By the mid-15th century, though, the Ming court had abandoned nautical expansion, and taiwanese proto-colonialism around the indian Ocean ended. Zheng He ’ second expeditions had relatively little impact on world history, whereas the maritime route from Europe to India that district attorney Gama established transformed ball-shaped trade. Had early globalization been Sino-European rather than entirely european, the proportion of harms to benefits might have been no more equitable for the remainder of the populace, however. In 1411, Ming forces overthrew the Kotte baron in Sri Lanka, and in a c1431–33 dedication Zheng He boasted that “ the countries beyond the horizon and from the ends of the land have all become [ taiwanese ] subjects ”. Europeans were not singular in seeking to profit from maritime expansion – though in the early modern global they were uniquely successful in doing then .
Emma Reisz is lecturer in history at Queen’s University Belfast

Glyn Williams: “Pacific islanders adopted new ideas and techniques from European explorers”
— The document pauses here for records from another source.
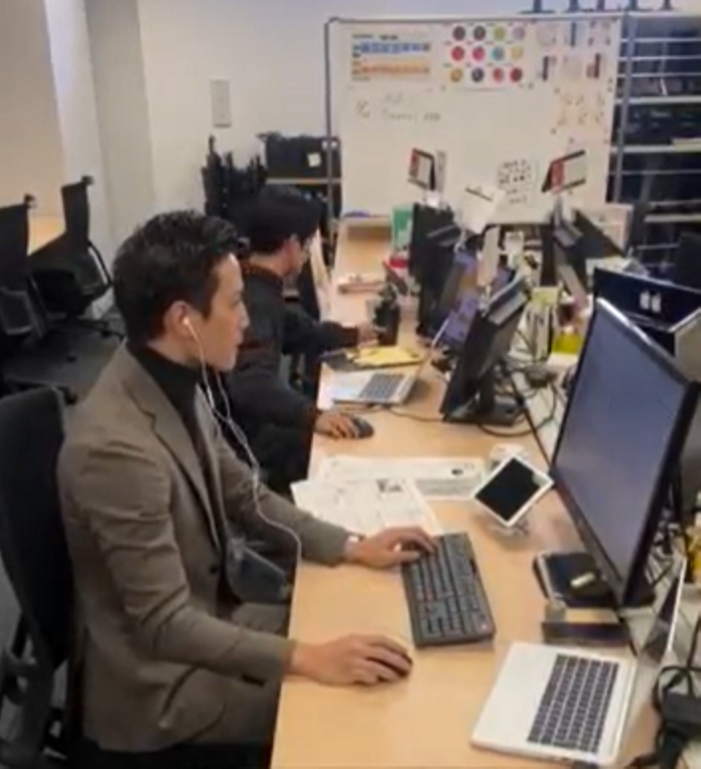先に出勤している先輩トレーニーに(心の中で)挨拶をします。リアルでは話しかけられないほど真剣な表情のトレーニーたちに、そっとエールを送るのがルーティンです。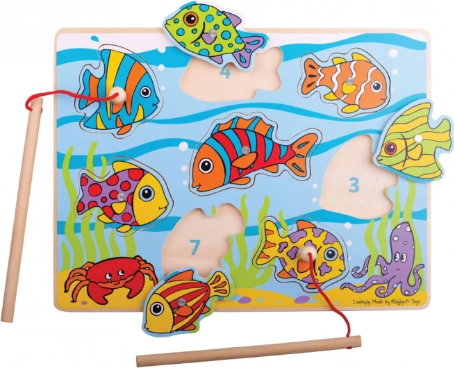 Den magnetiske leg Bigjigs Toys fiskeri af små fisk er en ideel aktivitet for børn fra 10 måneder. Med den magnetiske fiskestang fanger børn fiskene og lærer at placere dem tilbage i de rigtige formede huller. Legen udvikler naturligt tålmodighed, logisk tænkning og præcision i bevægelserne.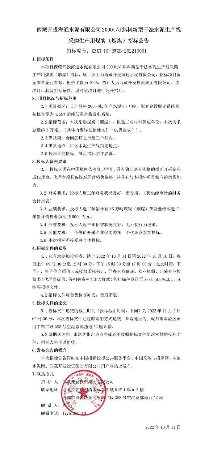 采購生產用煤炭(煙煤)招標公告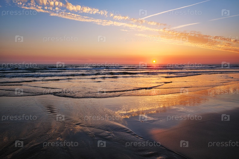 Закат Атлантического океана с бушующими волнами на пляже Фонте-да-Телья, Португалия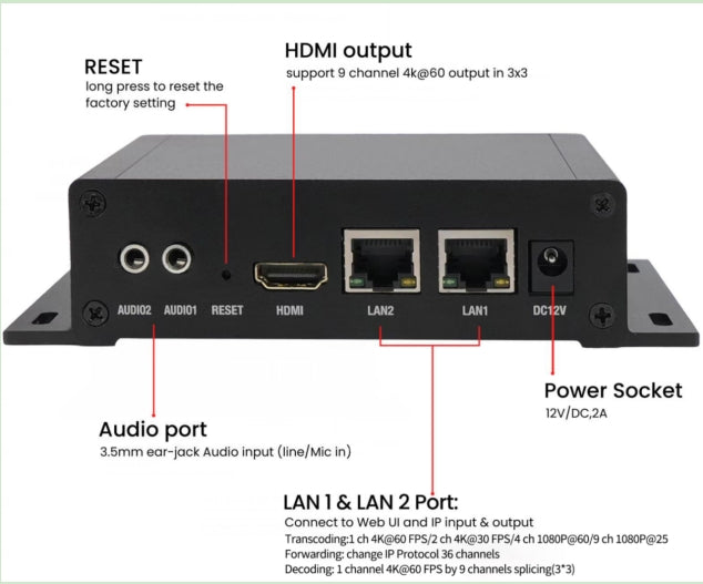 It can also decode online network video streams (such as: rtsp://.... http://.... rtmp://.... udp://@.... hls, etc.) to the device and then connect to a monitor or TV through HDMI output to restore the image.Besides it support 36 channels forwarding function, change the Ip protocol for IP transmission,it will not change the resolution,bitrate only change the IP protocol in forwarding function.

The moment Age of Exploration, extending over the long eighteenth hundred, was most noteworthy for Europe ’ randomness expansion into the Pacific – or, as Alan Moorehead saw it in his influential 1967 book The Fatal Impact, Europe ’ south ‘ invasion ’ of the huge ocean and its 25,000 islands. Following the voyages of Cook and his contemporaries in the irregular one-half of the eighteenth hundred, Tahiti became the geographic and emotional center of Polynesia, praised by the french internet explorer Louis-Antoine de Bougainville as “ the glad island of Cythera… the true Utopia ”. In prison term, these idyllic impressions were modified as evidence was found throughout the Pacific of human sacrifice, infanticide and cannibalism, and by the end of the century few argued that the islands should be left untouched by european contact .
This came at a cost : the lives of the inhabitants of the Pacific, from Hawaii in the north to New Zealand in the south, were disrupted by the uncontrolled activities of whalers, traders and beachcombers, themselves frequently the rejects of club. They used the islands for victualling and refitting, using as payment the deadly combination of firearms and liquor. The only protective influence came from missionaries – but their presence, excessively, had a fundamental effect on the islands ’ traditional societies .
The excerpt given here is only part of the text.